Presently a young lady, stepping up to him, took hold of one of the bright buttons that were glittering on the breast of his coat, and asked him if he would not permit her to cut it off, as a memento of her adventure with the Alabama. He assented. A pair of scissors was produced, and away went the button! This emboldened another lady to make the same request, and away went another button; and so the process went on, until when I got my handsome lieutenant back, he was like a plucked peacock—he had scarcely a button to his coat! There were no more Hebes drowned in tears, on board the Ariel.
But what struck my young officer as very singular was the deportment of the male passengers. Some of these seemed to be overhauling their trunks in a great hurry, as though there were valuables in them, which they were anxious to secrete. Their watches, too, had disappeared from some of their vest-pockets. “I verily believe,” said he, as he was giving me an account of the manner in which he performed his mission, “that these fellows think we are no better than the Northern thieves, who are burning dwelling-houses, and robbing our women and children in the South!”
I take pleasure in contrasting, in these memoirs, the conduct of my officers and crew, during the late war, in the uniform respect which they paid to the laws of war, and the dictates of humanity, with that of some of the generals and colonels of the Federal Army, who debased our common nature, and disgraced the uniforms they wore by the brutality and pilferings I have described. There were 500 passengers on board the Ariel. It is fair to presume, that each passenger had with him a purse, of from three to five hundred dollars. Under the laws of war, all this money would have been good prize. But not one dollar of it was touched, or indeed so much as a passenger’s baggage examined.
I carried out my intention, already expressed, of keeping the Ariel in company with me, for two or three days, hoping that I might capture some less valuable ship, into which to turn her passengers, that I might destroy her.

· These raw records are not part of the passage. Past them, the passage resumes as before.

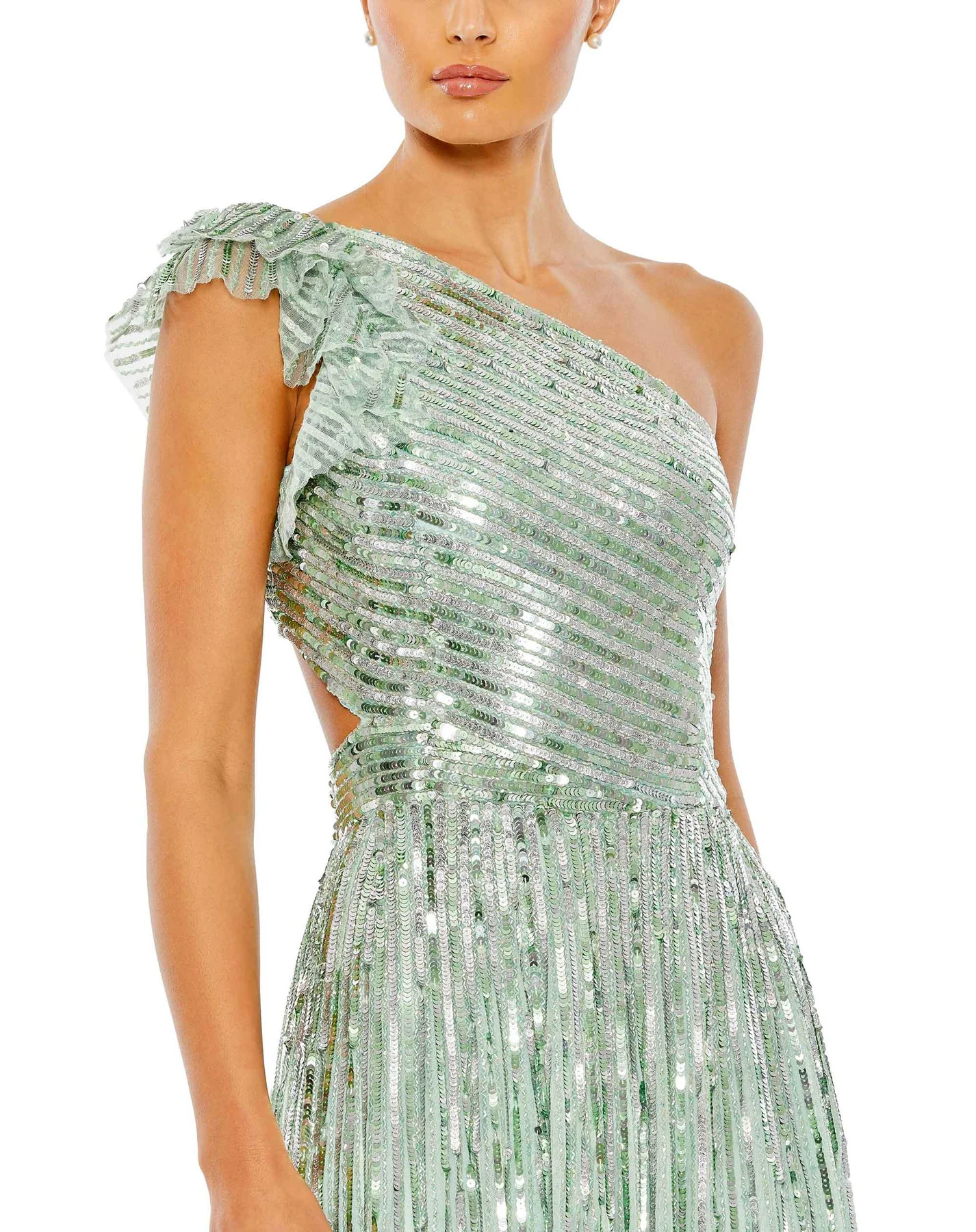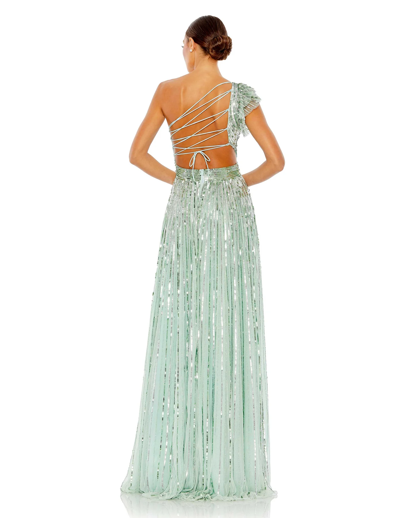 SEQUINED ONE SHOULDER FLUTTER SLEEVE A LINE GOWN
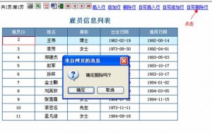 如此设置之后,当点击“自写行删除”按钮时,会弹出一个对话框,询问是否确实要删除该数据,点击“确认”则删除该数据,点击“取消”则不删除该数据。如下图
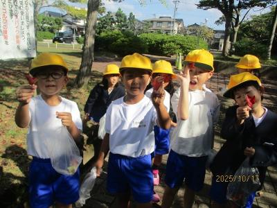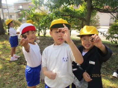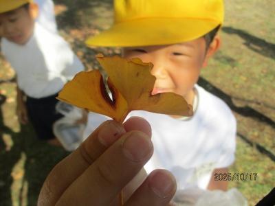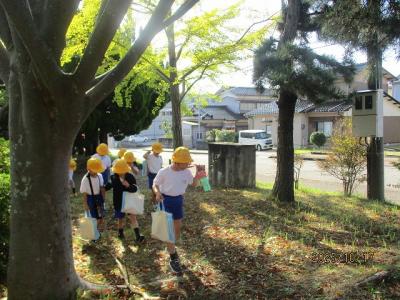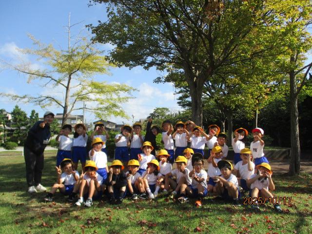 秋を探しに向陽台公園に出かけました。どんぐりや松ぼっくり、落ち葉などを拾いました。今後は、拾ってきた「秋のお宝」を使って、おもちゃを作り、みんなで遊ぶことを計画しています!
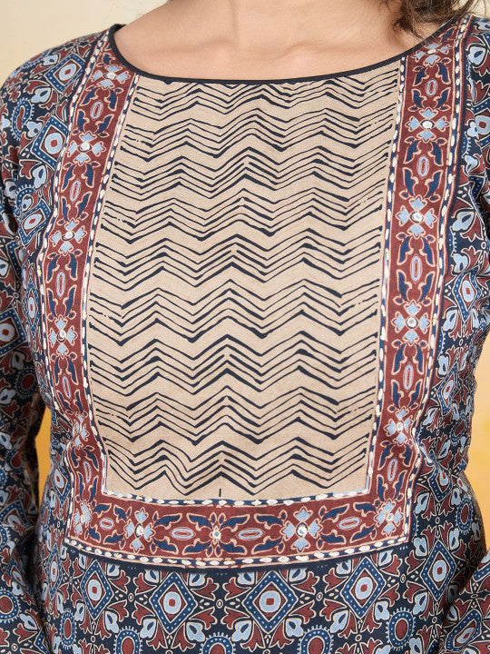 IOLY Women Ethnic Motifs Printed Regular Kantha Work Pure Cotton Kurti With Dupatta
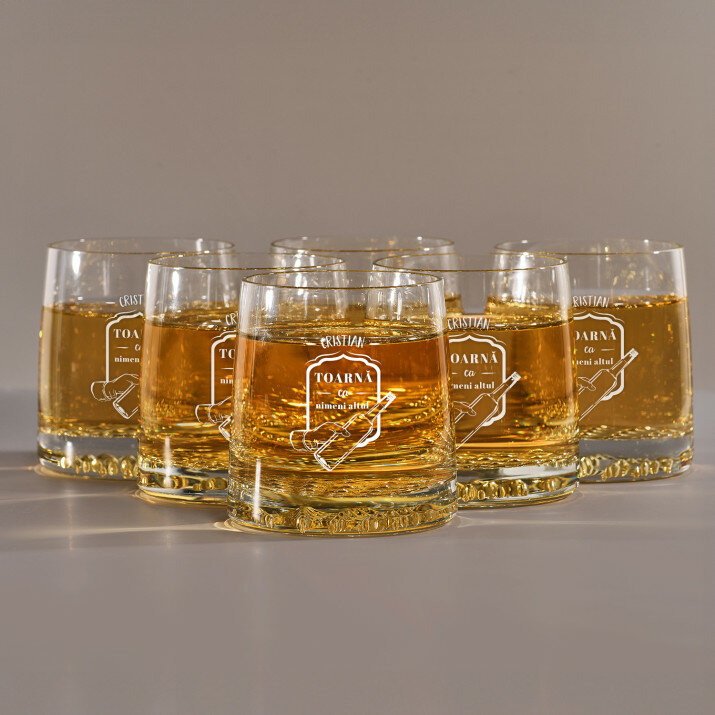 Paharele stilate de whisky sunt fabricate din sticlă transparentă cu adâncituri distinctive în partea de jos care se aseamănă cu cristalele de gheață. Designul minimalist și elegant face ca băutura ta preferată să fie prezentată frumos, în timp ce pereții netezi evidențiază în mod minunat gravura. Producătorul acestor pahare este compania poloneză KROSNO. Paharele pot fi spălate în mașina de spălat vase.Detalii:

I was very anxious to destroy this ship, as she belonged to a Mr. Vanderbilt, of New York, an old steamboat captain, who had amassed a large fortune, in trade, and was a bitter enemy of the South. Lucrative contracts during the war had greatly enhanced his gains, and he had ambitiously made a present of one of his steamers to the Federal Government, to be called after him, to pursue “rebel pirates.”

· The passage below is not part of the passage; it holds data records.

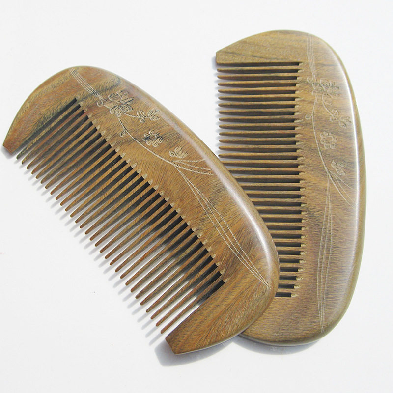 Sandalwood comb series Semi-circular carved sandalwood comb Massage comb Natural sandalwood comb Sessile green sandalwood comb
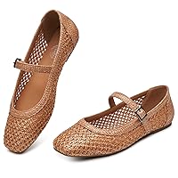 Trary Mary Jane Shoes Women Woven Flats for Women Dressy Ballet Flats Squared Toe Mary Jane Flats Shoes (697) . Mỹ 1,622,473đ
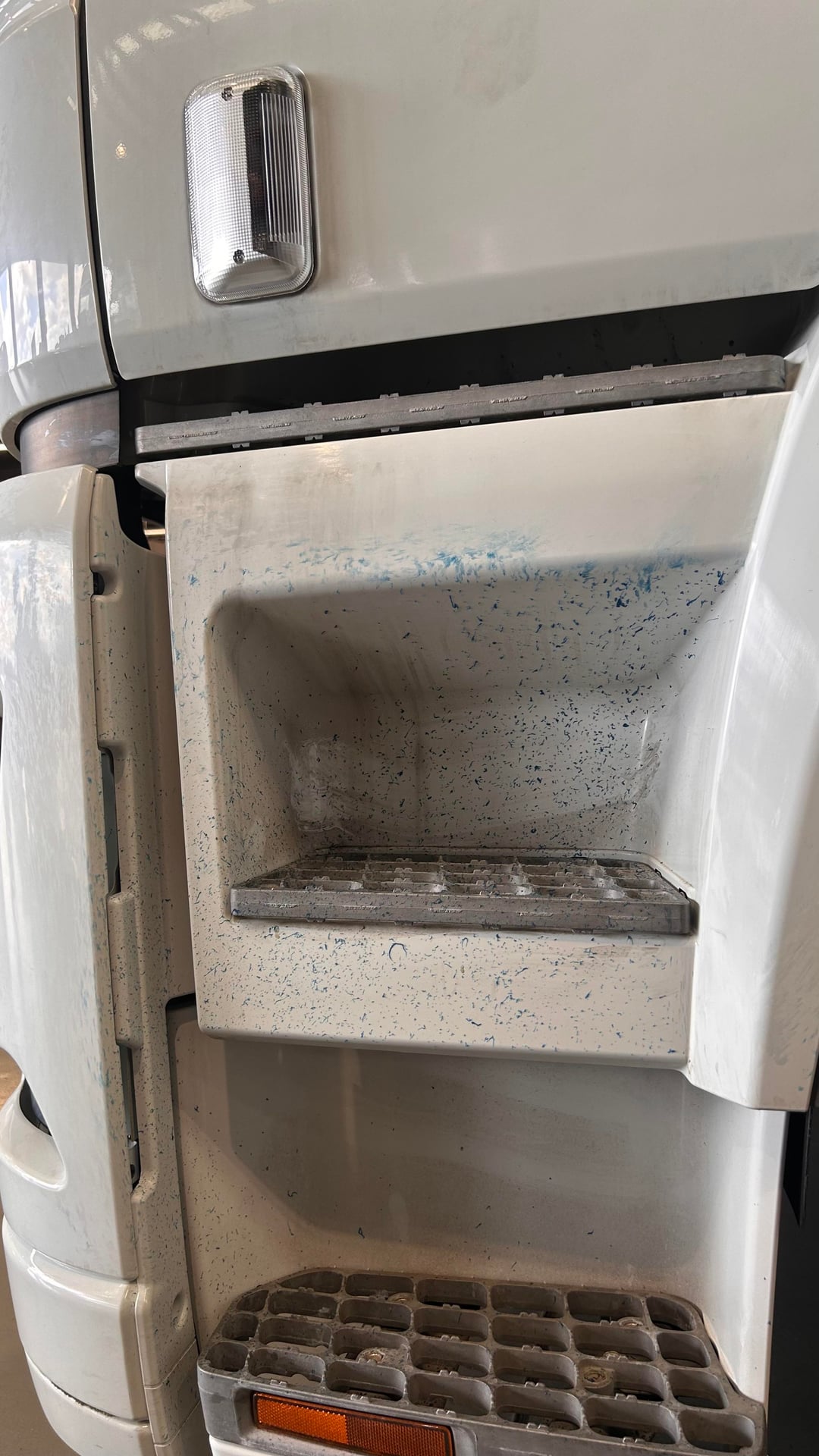 So I work a dealership as an apprentice, the team that I worked with ran out of work so I was sent to pre delivery for the day. I was given a Freightliner Cascadia and got to work, checking stuff etc. I grab the small grease gun and start greasing kingpins and the power steering when the grease runs out. I go to the gantry that has its own grease gun so I can refill the smaller grease gun. I should mention the pump that pumps the grease is pneumatic. I go to check whether the gantry has grease by lightly squeezing the trigger but it doesn’t budge, this would indicate that the grease gun is at a very high pressure. I point the nozzle down into the gantry oil catch, I should point out that the nozzle is also on a little pit of hose. I go to squeeze the trigger again but it was too stiff to squeeze with one hand so I use both hands. The sudden release of air and grease caused the nozzle to flick up suddenly launching a Smurf coloured sneeze of grease onto the poor Fuso Shogun on the other side of it. Using rags and soap I was able to clean it up nicely. To make matters worse that truck was due to go out onto the showroom mere moments later

Failing to overhaul another ship of the enemy in the few days that I had at my disposal, I released the Ariel, on ransom-bond, and sent her, and her large number of passengers, on their way rejoicing. I found Captain Jones of the Ariel a clever and well-informed gentleman, and I believe he gave a very fair account of the capture of his ship when he reached New York. He pledged me that Vanderbilt’s ransom-bond, which he signed as his agent, would be regarded as a debt of honor. The bond is for sale, cheap, to any one desiring to redeem Mr. Vanderbilt’s honor.
CHAPTER XXXIX.
THE ALABAMA IS DISABLED, AND STOPS TO REPAIR HER MACHINERY—PROCEEDS TO HER NEW RENDEZVOUS, THE ARCAS ISLANDS, AND THENCE TO GALVESTON—COMBAT WITH THE UNITED STATES STEAMER HATTERAS.

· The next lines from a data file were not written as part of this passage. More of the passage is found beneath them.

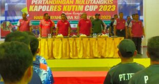 Kutim – Dalam rangka menyambut Hari Bhayangkara ke-77 tahun 2023 , Polres Kutai Timur menggelar Lomba Bulutangkis di Gedung Olahraga (GOR) Swarga Bara PT.KPC, Ds.Swarga Bara,Kecamatan Sangata Utara,Kab Kutim, dari tanggal 17 s/d 18 Juni 2023. Turut hadir dalam upacara pembukaan pertandingan Bulutangkis Kapolres Kutim Cup yakni Wakapolres Kutim Kompol …
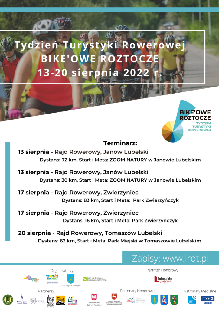 W imieniu organizatorów zapraszamy do wzięcia udziału w rajdach rowerowych realizowanych w ramach wydarzenia pn. “Tydzień Turystyki Rowerowej – Bike’owe Roztocze” przez Lubelską Regionalną Organizację Turystyczną, Gminę Janów Lubelski, Urząd Miejski w Zwierzyńcu oraz Stowarzyszenie Samorządów Euroregion Roztocze.
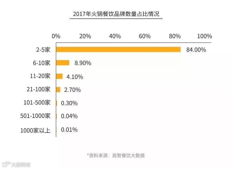 就像小编在前文提到的,火锅行业极度分散,市场排名前五品牌占有率只有5.5%左右,而剩下的94.5%的市场,就都分散在一些区域性品牌、特色火锅品牌和独立运营的小品牌。
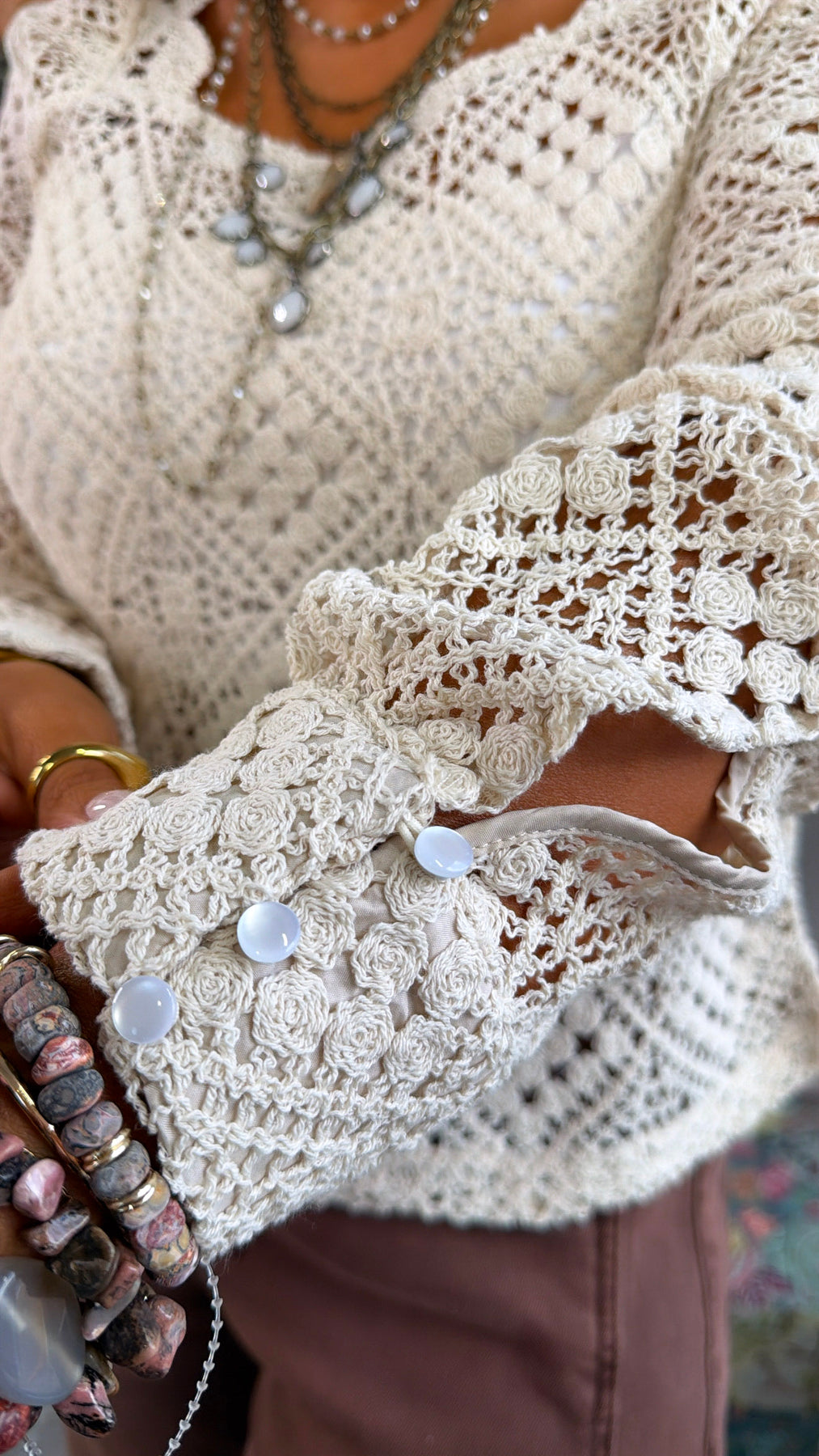 Light, airy, and effortlessly feminine. The Boardwalk Breeze Crochet Top brings a romantic boho feel to your everyday wardrobe. Designed with intricate crochet detailing and a soft ecru hue, this top features delicate scalloped edges and beautiful open-knit patterns that create a timeless, vintage-inspired look.

The Alabama was disabled for two or three days, soon after the events recorded in the last chapter, by an accident which occurred to her engine—the giving way of one of the valve castings. I was, in consequence, obliged to withdraw from the tracks of commerce, and lie as perdue as possible, until the damage could be repaired. For this purpose, I ran close in with the land, on the north side of the island of Jamaica, where, with the exception of an occasional fishing-boat, and a passing coasting sloop, nothing was to be seen. Mr. Freeman, my chief engineer, was a capital machinist, and a man of great fertility of resource, and he went to work at once to remedy the mishap. Nothing but the puffing of the bellows, the clinking of the hammer on the anvil, and the rasping of files was heard now for forty-eight hours. At the end of this time, the engine was again in order for service. But we should have no occasion to use it for some days yet.